Starting at the line that contains "Men Tie Collar", print each line exactly through the end of the listing. Skip any pictures and add nothing.

--- --- ---

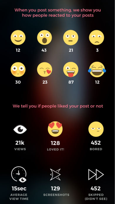 其独特之处在于能够运用面部识别技术与手机摄像头,自动捕捉用户在社交平台上浏览朋友分享的照片、、视频等信息时,所流露的真实表情。
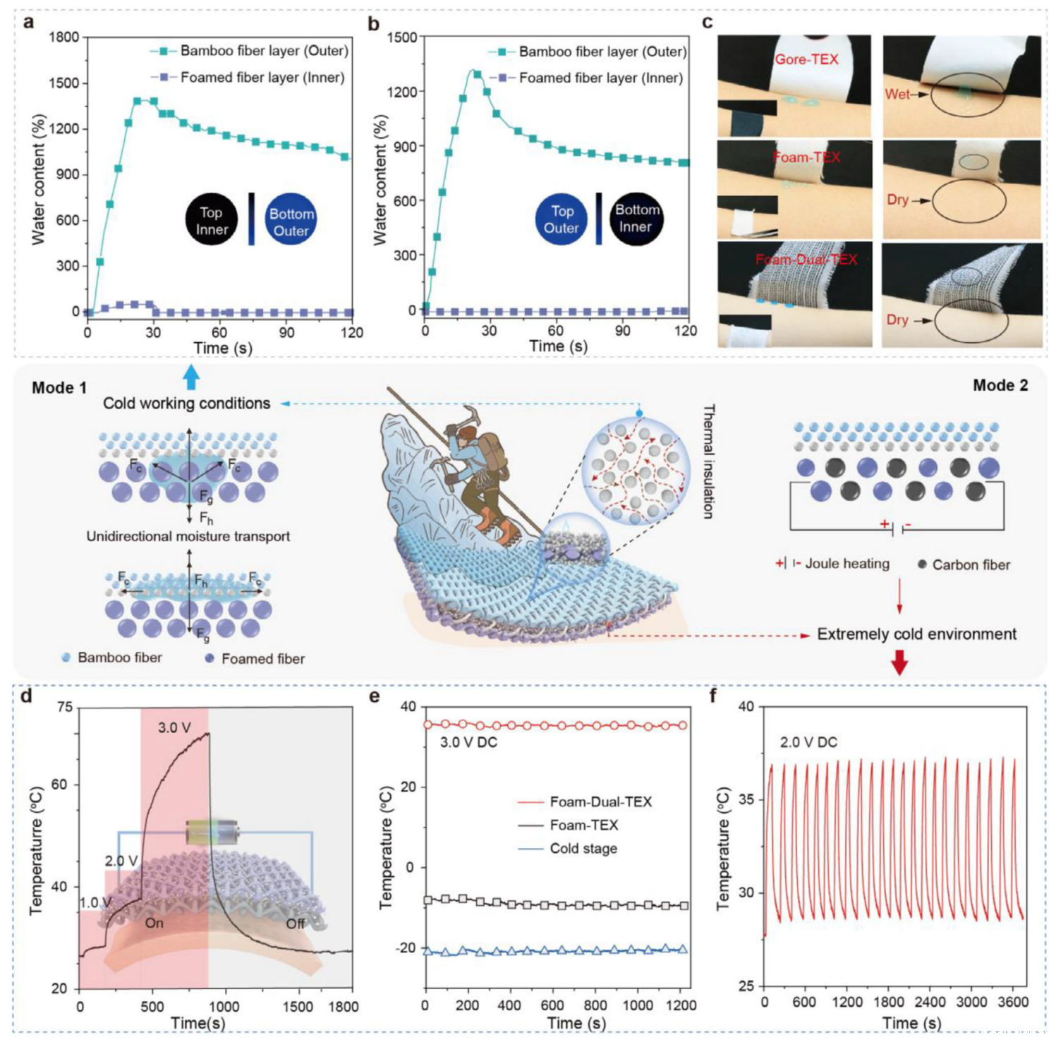 单向导湿测试表明:当发泡纤维层朝上时,汗液被快速导向竹纤维层(图4a);竹纤维层朝上时则阻止水分外渗(图4b)。模拟出汗实验中,Foam-TEX表面无液滴残留,而Gore-TEX出现明显积汗(图4c)。为进一步强化极寒防护,团队引入碳纤维开发Foam-Dual-TEX,在保留单向导湿能力的同时集成焦耳加热功能。仅需3 V电压,即便在-20 ℃环境中织物表面也能维持37 ℃舒适温度(图4d-e),且循环稳定性优异(图4f)。
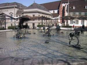 Heykelde: Anna, küçük bir tabak içine su döken, mavi elbiseli bir kadın tarafından temsil ediliyor. Diğer çeşme: üzerinde bir bayraktar heykeli olan “Schützenbrunnen” isimli heykeldir.
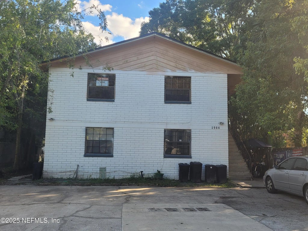This second-floor unit features a spacious family room complete with built-in shelving. The kitchen comes equipped with a refrigerator, stove, and a countertop microwave (as-is). It has been recently refreshed with new paint, ceiling fans, mini blinds, a linen closet, and wood plank-style laminate flooring
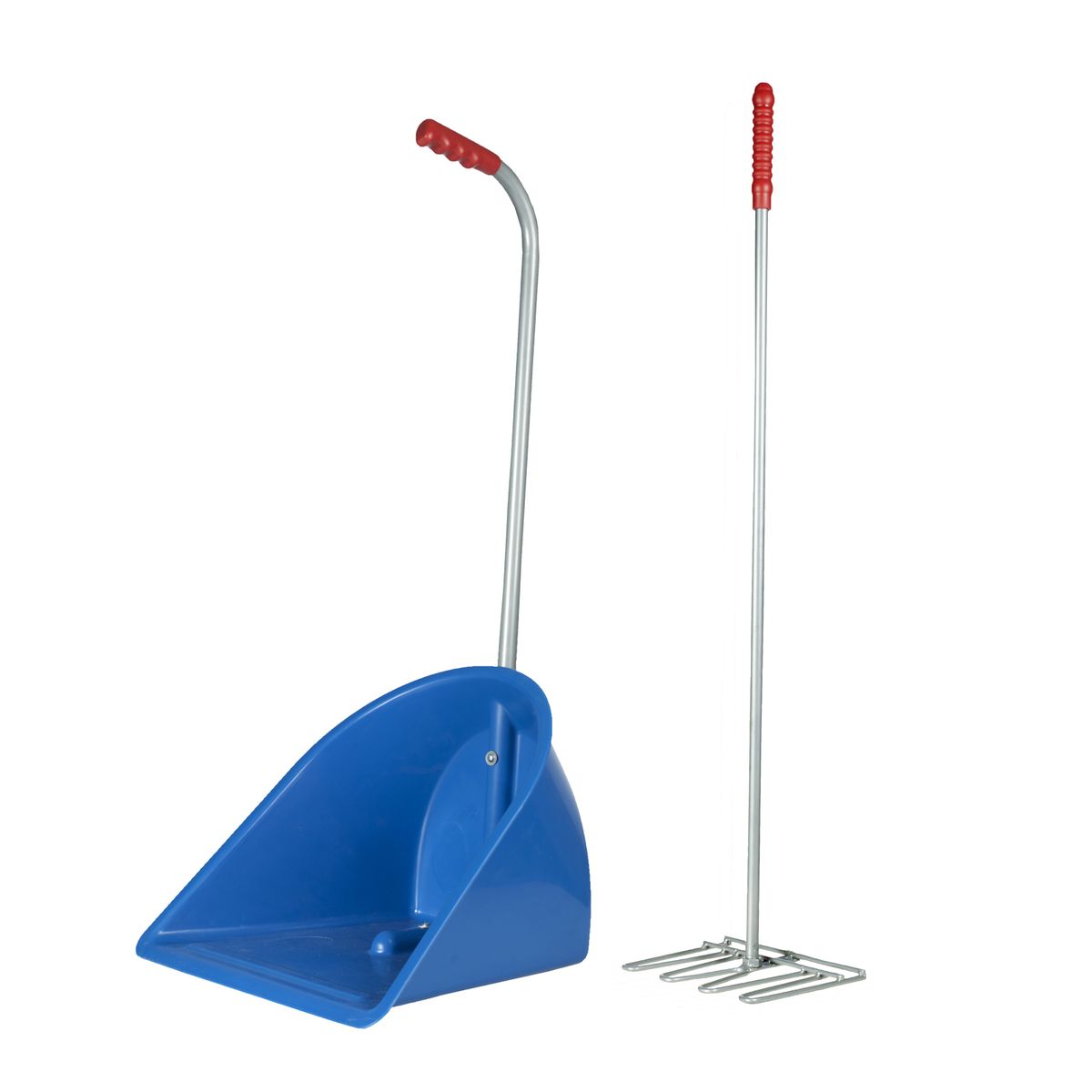 Легкий совок с длинной ручкой и грабли для уборки в конюшне или на плацу.
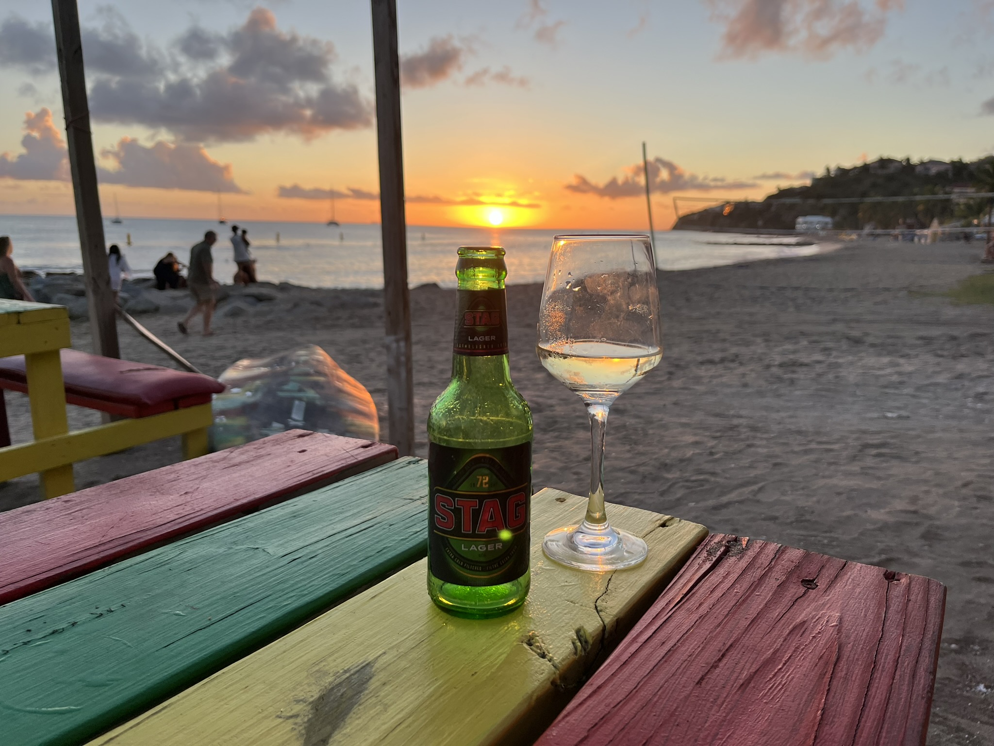 Nach dem Besuch von Nevis fahren wir eine Stunde hinüber auf die Hauptinsel St. Kitts und ankern in der sehr schönen Fregat Bay. Es gibt auch hier einen schönen weißen Strand mit einigen Reggae Bars. Wir gönnen uns mal ein paar Drinks in so einer Bar und genießen den Sonnenuntergang, sehr romantisch.
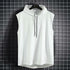 Men Tie Collar Hooded Sleeveless Vests Male Summer Loose Solid Hip Hop Tee Shirt Tops
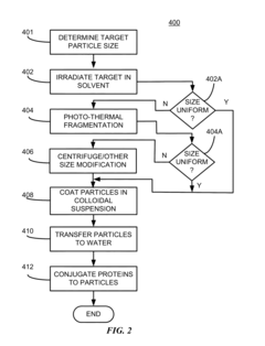 - The development of colloidal suspensions of isotropic and nanocomposite magnetic particles with specific compositions (e.g., Co-Zr, Co-Ti, Co-Sc) and sizes (15-45 nm) produced through pulsed laser ablation, which have amorphous or mixed amorphous-crystalline structures, enhanced magnetic properties, and can be coated with inert materials and conjugated with proteins for targeted applications.
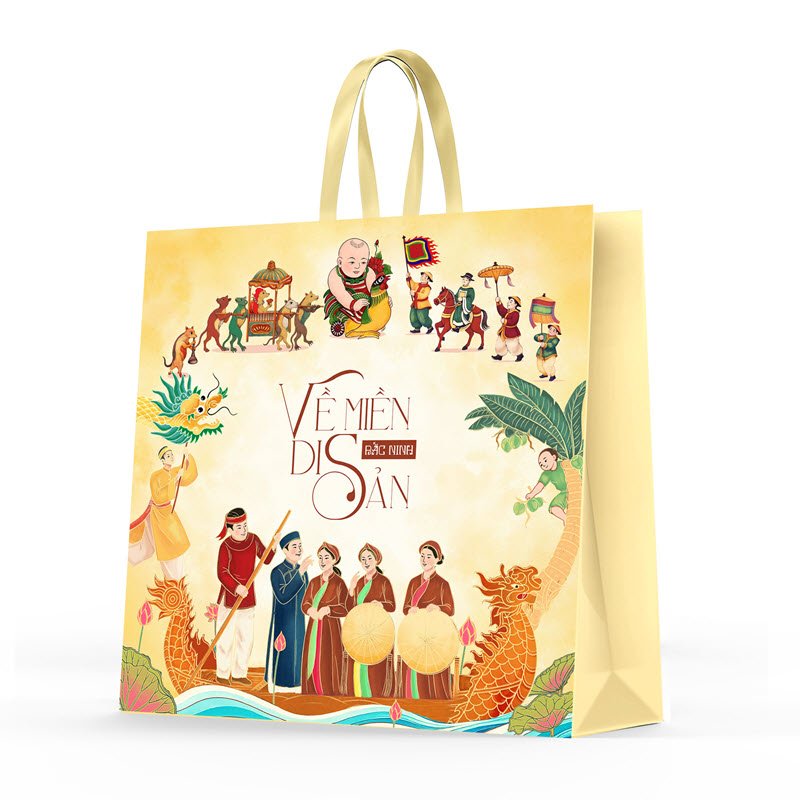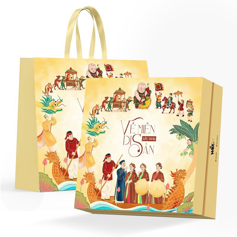 Bộ quà tặng “Về Miền Di Sản” là một bản giao hưởng giữa truyền thống và hiện đại. Điểm độc đáo nhất chính là bao bì được thiết kế như một tác phẩm nghệ thuật, tái hiện sống động những giá trị của vùng đất Bắc Ninh giàu truyền thống. Hộp quà và túi giấy đi kèm là sự hội tụ của các di sản văn hóa phi vật thể đã được UNESCO công nhận:
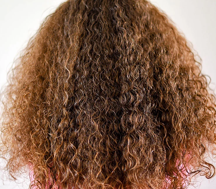 The before look: super dry, frizzy and so many products in her hair to tame it.
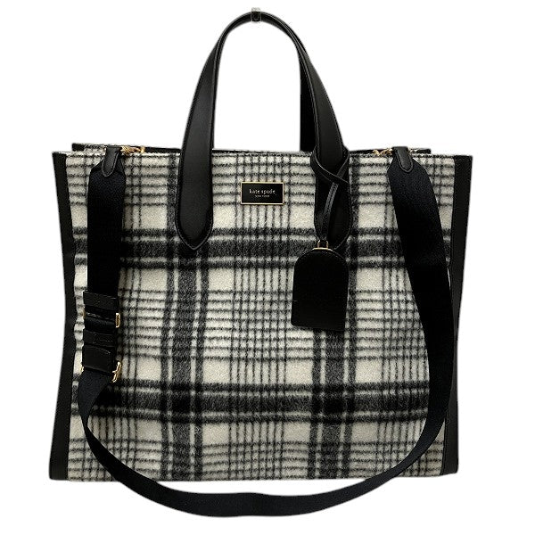 Kate Spade Manhattan Studio Plaid Polyester Cowhide Smooth Leather Tote Bag
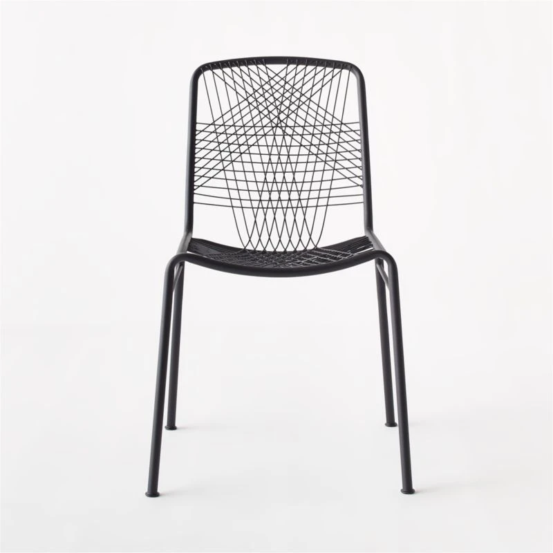 Iron frame with wire seat and back, expertly woven and welded into a graphic linear pattern. Finished in black, chair mixes beautifully with our wooden dining tables and desks. CB2 exclusive.
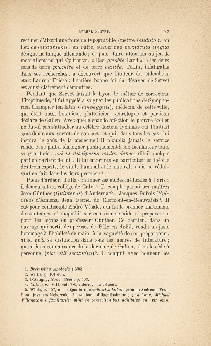 Michel Servet d'après ses plus récents biographes
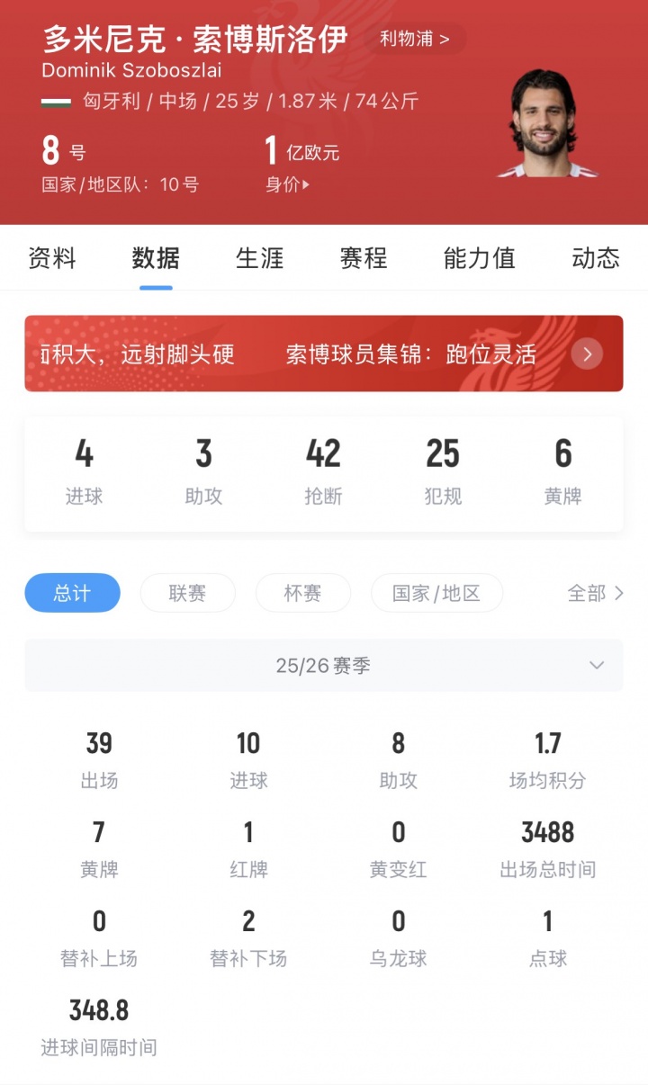 索博斯洛伊現(xiàn)年25歲,他本賽季出場(chǎng)39次貢獻(xiàn)10球8助,他此前德轉(zhuǎn)身價(jià)為8500萬(wàn)歐,與利物浦的合同到2028年。

--- --- ---

- _Result of the exercise_:
 Men Tie Collar Hooded Sleeveless Vests Male Summer Loose Solid Hip Hop Tee Shirt Tops
 - The development of colloidal suspensions of isotropic and nanocomposite magnetic particles with specific compositions (e.g., Co-Zr, Co-Ti, Co-Sc) and sizes (15-45 nm) produced through pulsed laser ablation, which have amorphous or mixed amorphous-crystalline structures, enhanced magnetic properties, and can be coated with inert materials and conjugated with proteins for targeted applications.
 Bộ quà tặng “Về Miền Di Sản” là một bản giao hưởng giữa truyền thống và hiện đại. Điểm độc đáo nhất chính là bao bì được thiết kế như một tác phẩm nghệ thuật, tái hiện sống động những giá trị của vùng đất Bắc Ninh giàu truyền thống. Hộp quà và túi giấy đi kèm là sự hội tụ của các di sản văn hóa phi vật thể đã được UNESCO công nhận:
 The before look: super dry, frizzy and so many products in her hair to tame it.
 Kate Spade Manhattan Studio Plaid Polyester Cowhide Smooth Leather Tote Bag
 Iron frame with wire seat and back, expertly woven and welded into a graphic linear pattern. Finished in black, chair mixes beautifully with our wooden dining tables and desks. CB2 exclusive.
 Michel Servet d'après ses plus récents biographes
 索博斯洛伊現(xiàn)年25歲,他本賽季出場(chǎng)39次貢獻(xiàn)10球8助,他此前德轉(zhuǎn)身價(jià)為8500萬(wàn)歐,與利物浦的合同到2028年。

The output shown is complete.